A deep love for community was one of the strongest tenets by which Ted lived. Apart from his two and a half decades of cementing friendships over poker and his work on the board of the Roseway Neighborhood Association, Ted received awards from both the Beaumont Business Association and the Hollywood Boosters for his community work. During the Y2K scare, Ted’s compassion for the people around him shown through once more. He refused to buy a gun or stock up on survival supplies.
“‘I’m gonna buy cases of soup,’” Lisa quotes Ted as having said, “‘And if somebody needed them, I will share my soup with them.’”
Ted’s grandfather owned a small independent newspaper in upstate New York, something he always hoped to achieve one day. It was this dream that inspired Ted’s 50-year-long journalism career, to express his love for his community through another of his life’s greatest loves. In the mid-2000s, Ted joined the staff of a Northeast Portland community paper, the Hollywood Star News. Through the Star, he was finally able to emulate the life he had watched his grandfather live as a newspaperman.

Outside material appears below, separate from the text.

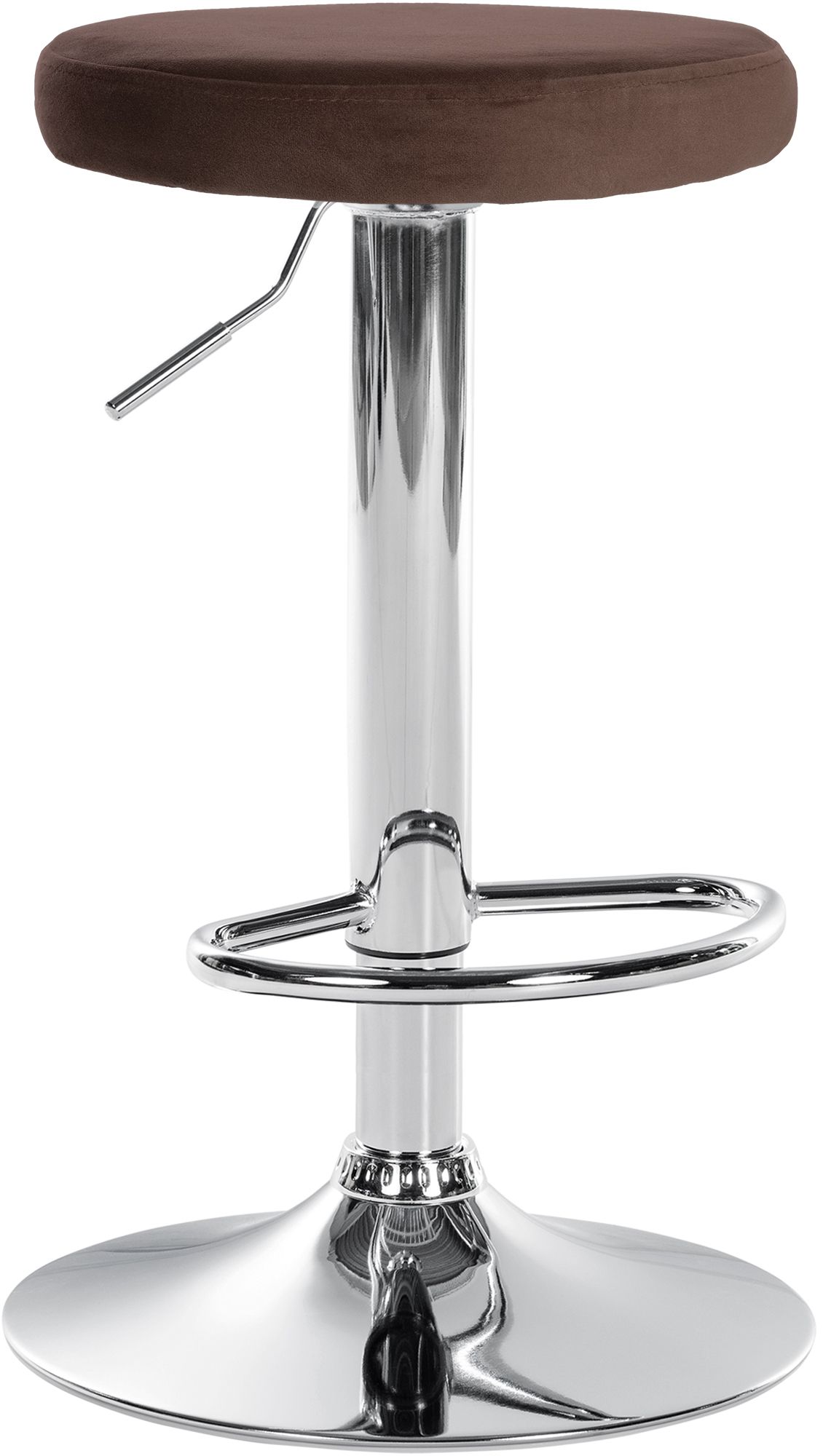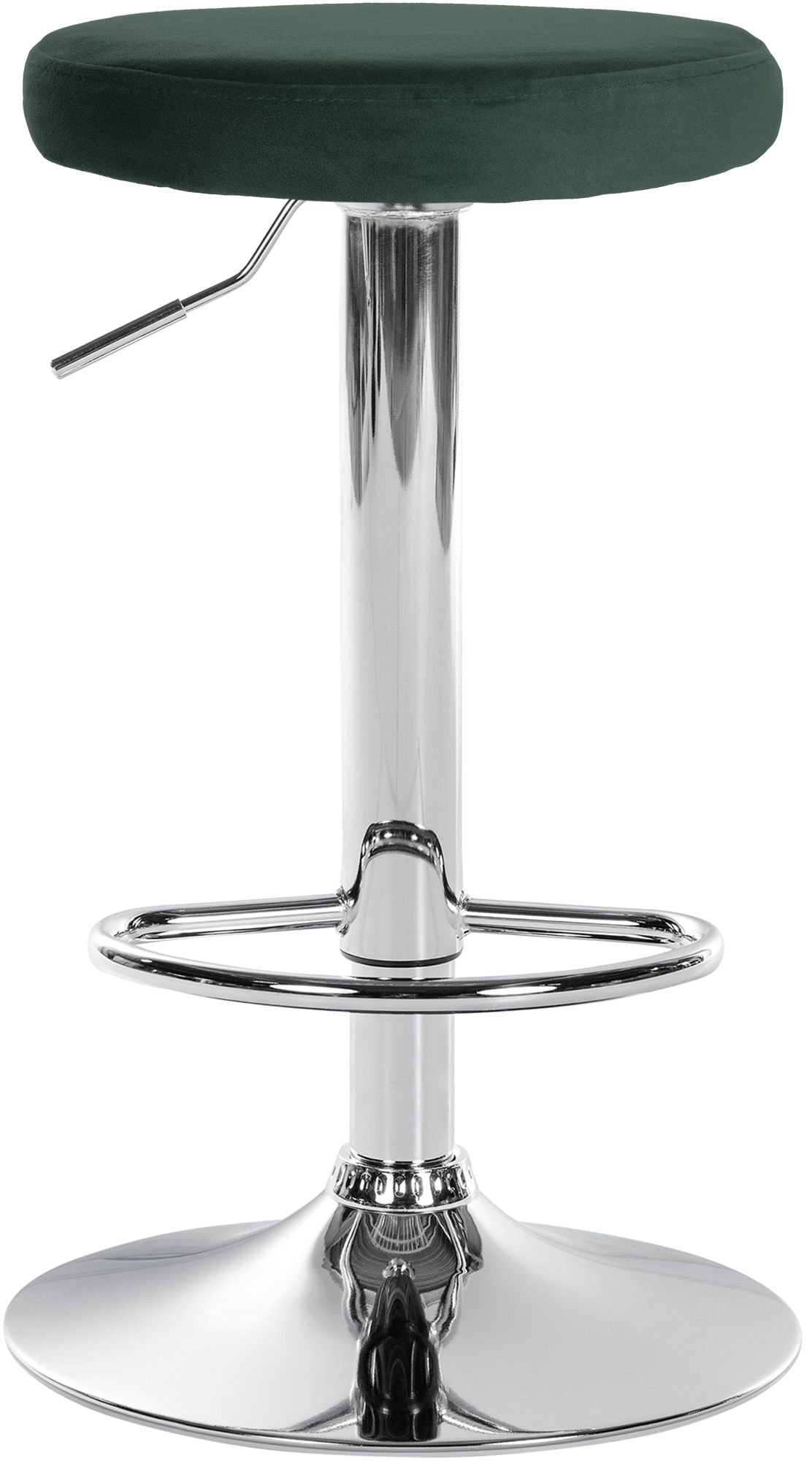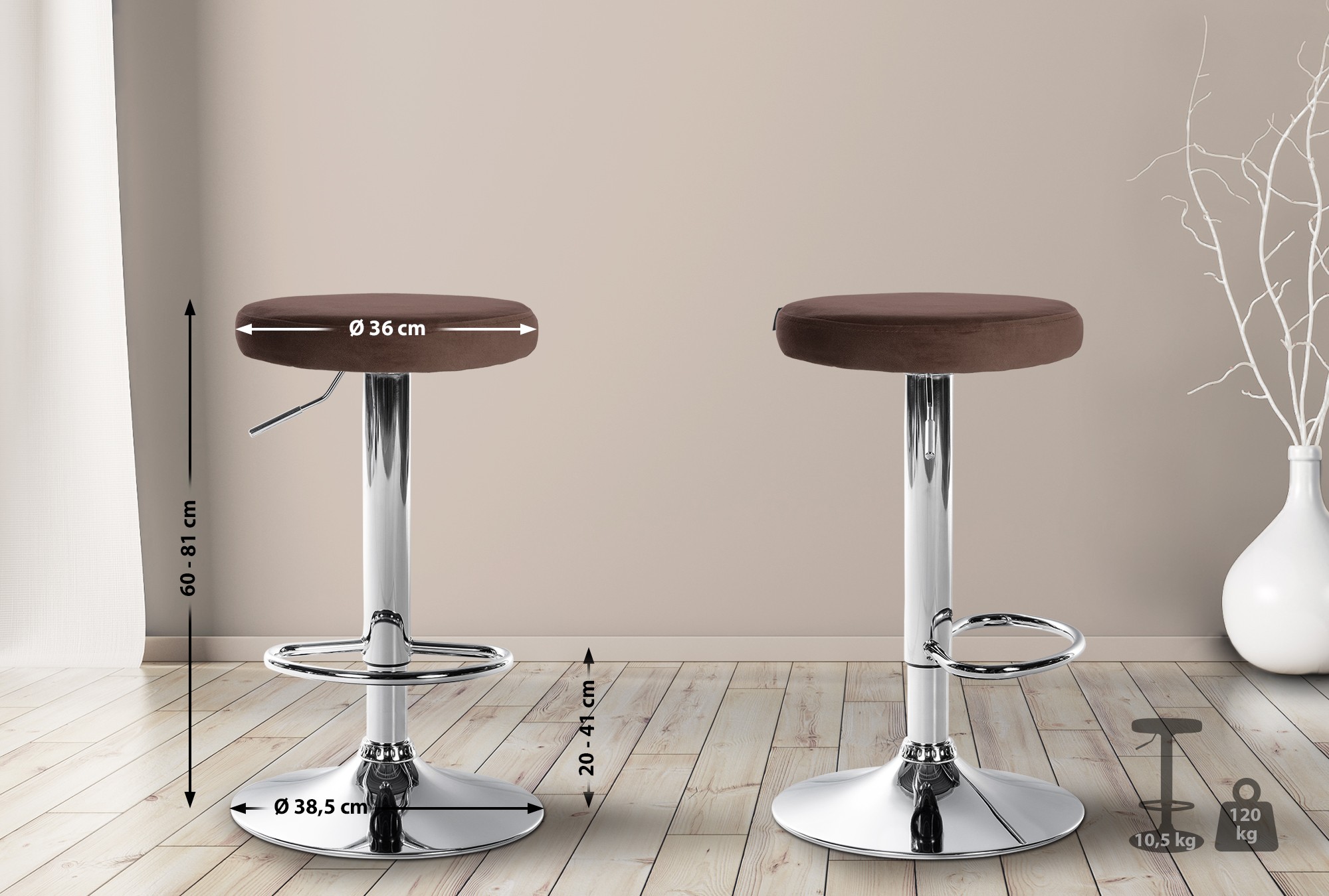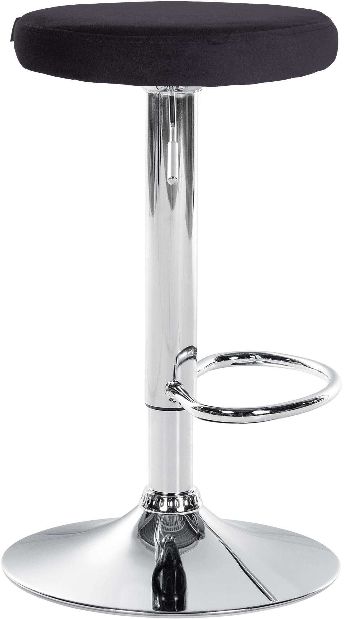 Der Samtbezug der runden, gepolsterten Sitzfläche ist in acht ansprechenden Farben erhältlich, sodass Sie den perfekten Look für Ihr Zuhause auswählen können. Das robuste Metallgestell ist in drei attraktiven Ausführungen erhältlich: matt-weiß, matt-schwarz oder in Chrom-Optik. Eine integrierte Fußablage sorgt für zusätzlichen Komfort.

Despite heavily considering it, the Perkinses never bought the Star. Around the beginning of the 2010s, though, Ted began to take a more active role in the paper, eventually climbing the ladder to the positions of designer and editor; because of the intimate staff, he also continued writing articles for the paper. Joe, a photographer and current senior at Grant, fondly remembers taking trips around the city with his father to take photos for the Star’s stories.
In the spring of 2022, the Star was looking to supplement its aging staff with new writers. Instead of looking in the pool of existing Portland journalists, Ted did something unorthodox: he asked student journalists on Grant Magazine to write part-time for the publication. Soon, one or two student-written articles were appearing in each of the paper’s monthly issues. Ted encouraged the young writers to imbue their own voice into their writing, allowing the Star’s readers to catch a glimpse of their lives while the students got their first taste of professional journalism.

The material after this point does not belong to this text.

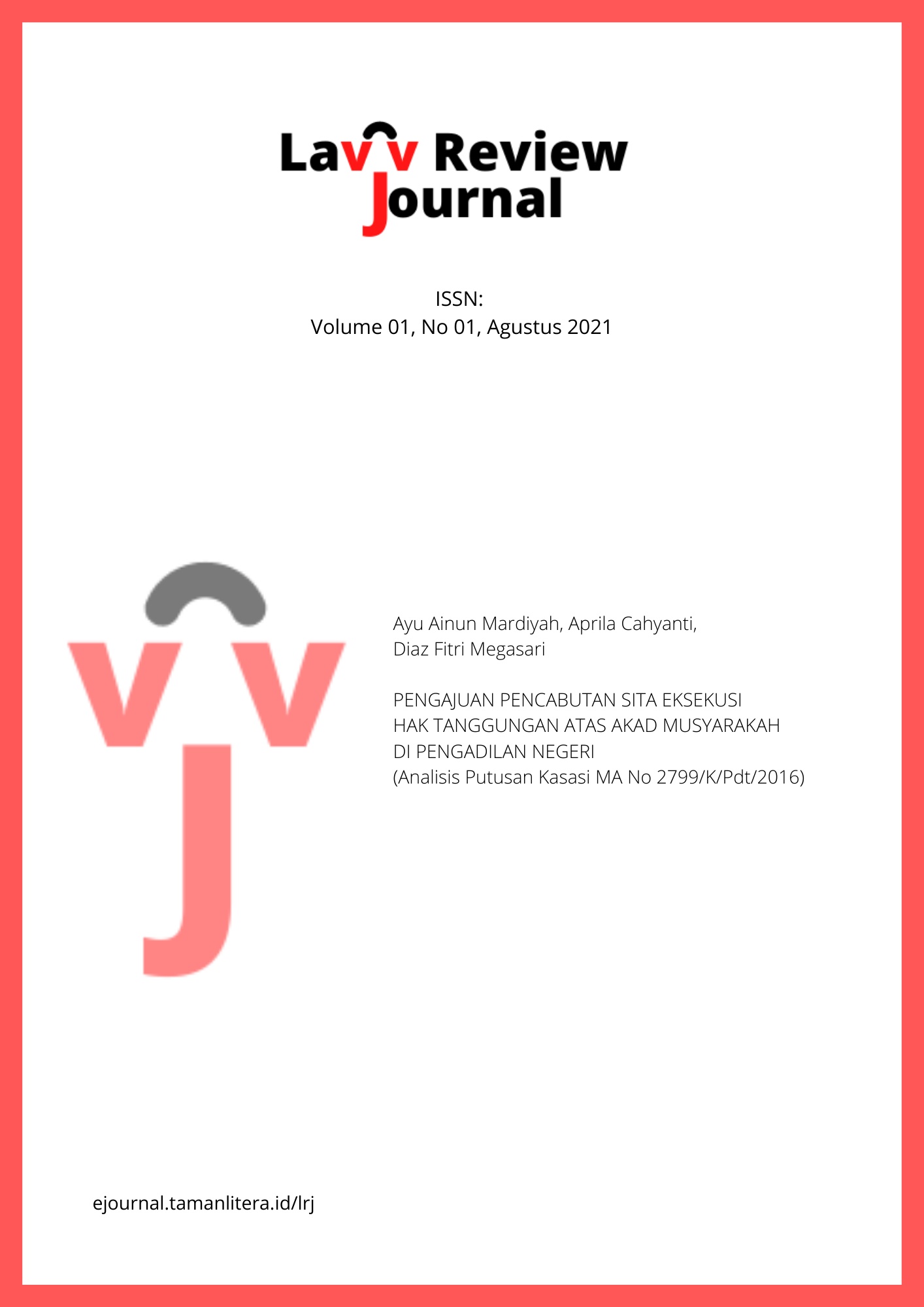 View Vol. 1 No. 01 (2022): April, Justice! Law Review Journal
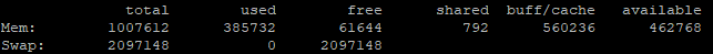 위와 같이 메모리를 확인해보면 스왑 메모리가 2기가가 잡혀있는 것을 확인할 수 있다.

“It was just something that gave him a lot of pleasure,” says Lisa, “To share whatever he could share.”
Ted was diagnosed with colon cancer in 2018. For the next four years, he continued to serve his community however he could, making efforts to integrate high schoolers into the world of professional journalism through Zoom calls and long emails of tips and tricks he’d picked up throughout his five decades in the trade. Ted helped students find their place in the Portland journalism scene, even while bedridden and with only one functioning arm.

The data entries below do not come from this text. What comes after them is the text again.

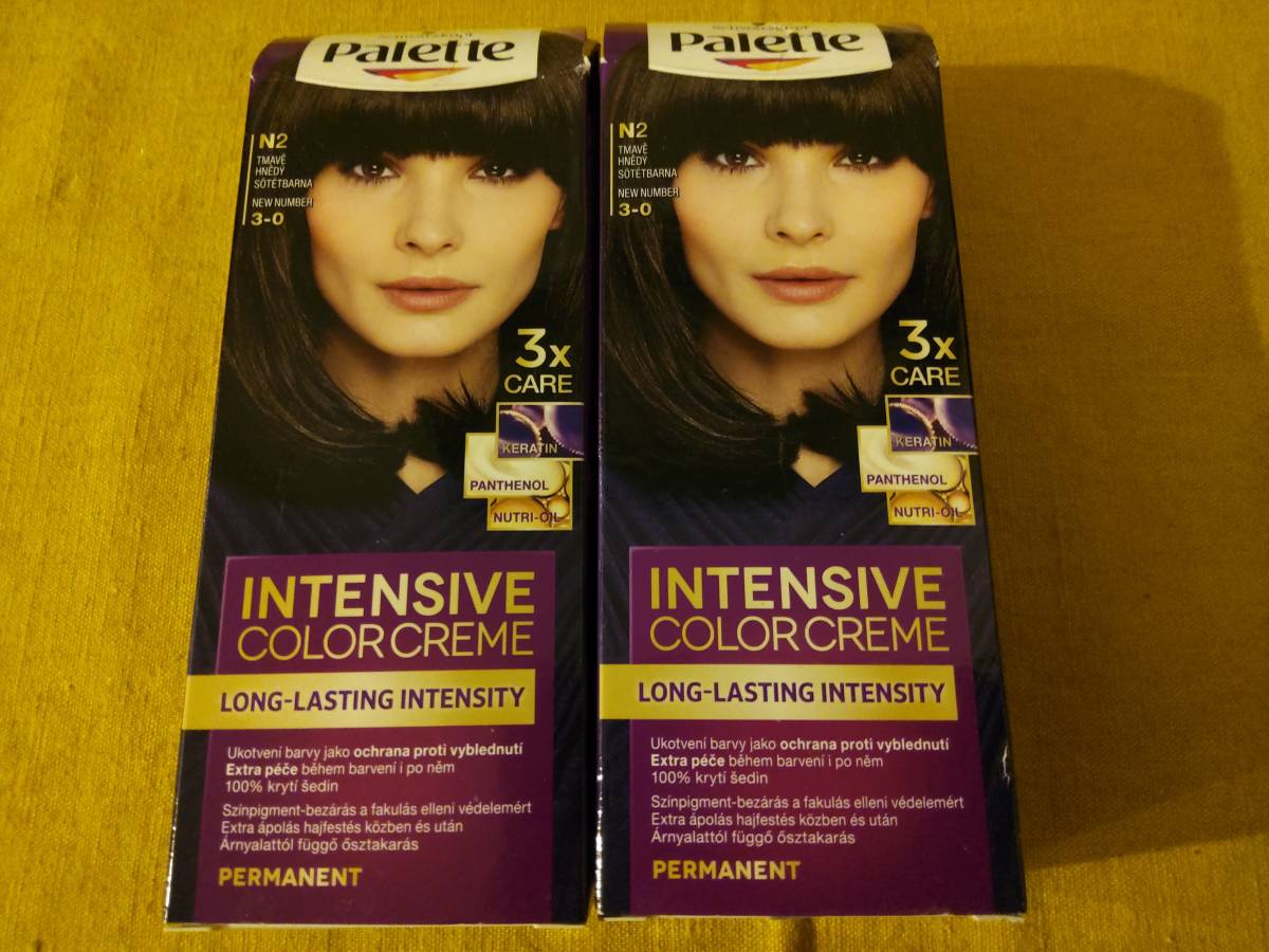 Daruji za odvoz barvy na vlasy Palette intensive color creme N2 tmavě hnèdý. Jedno baleni neotevřené, druhé je z poloviny vypotřebované. Barvy jsem měla doma delší dobu.
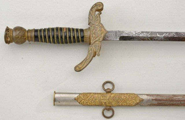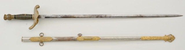 Lodge sword with scabbard; “Justis Universas” on blade with “Patriach Militant 1 of” and Belgium Lion; name removed from scabbard. Est.: $75-$150.
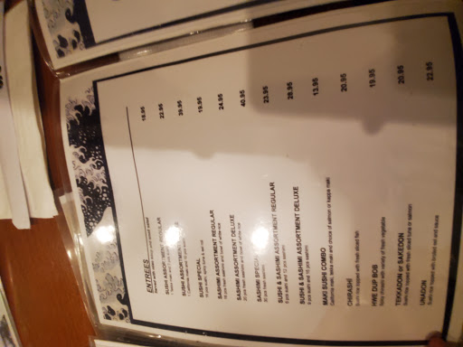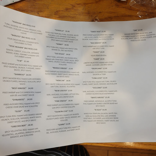 Hinode serves the best sushi Ive yet had in Rockland. The fish always tastes excellent. The portions are ample. They serve all the standard sushi rolls and pieces, sashimi platters, and rolls of their own design, as well as a variety of tasty Japanese entrees. Their menu boasts a number of vegan/vegetarian rolls and entrees. They will take requests for changes to their rolls as well. The decor is simply and tastefully done in blonde woods. The lighting is neither overly dark (like a bar) or overly bright (like a McDonalds). Its a happy medium. The staff are friendly and observant but not intrusive. Its a great place to take a date or a group of friends. Also, they pay attention to their regulars. If you go there often, they may treat you to a few complimentary pieces of some new roll of the sushi chefs creation. Last time I was there, they treated us to thin strips of banana and apple wrapped in a slice of avocado and fried tempura-style. It may sounds weird, but it was delicious!
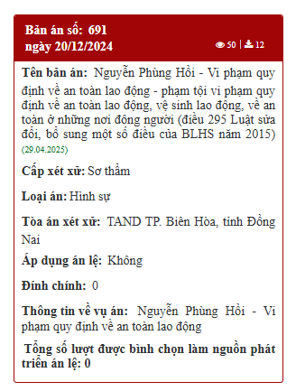Đồng Nai: Bản án số 691 ngày 20/12/2024 của TAND TP. Biên Hòa
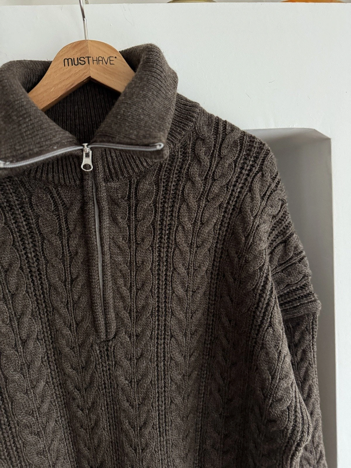 SAÇ ÖRGÜ FERMUARLI SALAŞ KAZAK – KAHVE MELANJ
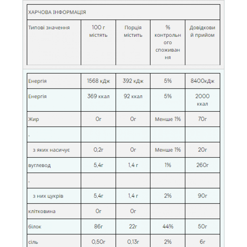 Розмір порції - 1 мірна ложка (25г) Порцій в упаковці - 40 (1кг), 100 (2.5кг), 160 (4кг) Поживна Цінність У 100г У порції (25г) 0.3 г 0.1 г з яких насичених 0.3 г 0.1 г Вуглеводів 2.5 г 0.6 г з яких цукру 2.5 г 0.6 г Білка 90 г 23 г Солі 0.50 г 0.13 г

On Sept. 12, 2022, Ted passed away peacefully in his sleep at home. I only met him through the crackling distance of laptop cameras and days-long email exchanges about the best interview questions and extended deadlines, but Ted’s immense kindness was always present. He was incredibly patient, offering advice, encouragement and probably more compliments about my writing than I deserved. He will be dearly missed in Northeast Portland, among Grantonian alumni, at The Hollywood Star and among the few of us on Grant Magazine who had the pleasure of working with him.
“It was important for (Ted) to have a sense of community,” says Lisa, “He left a big impression on people and on us.”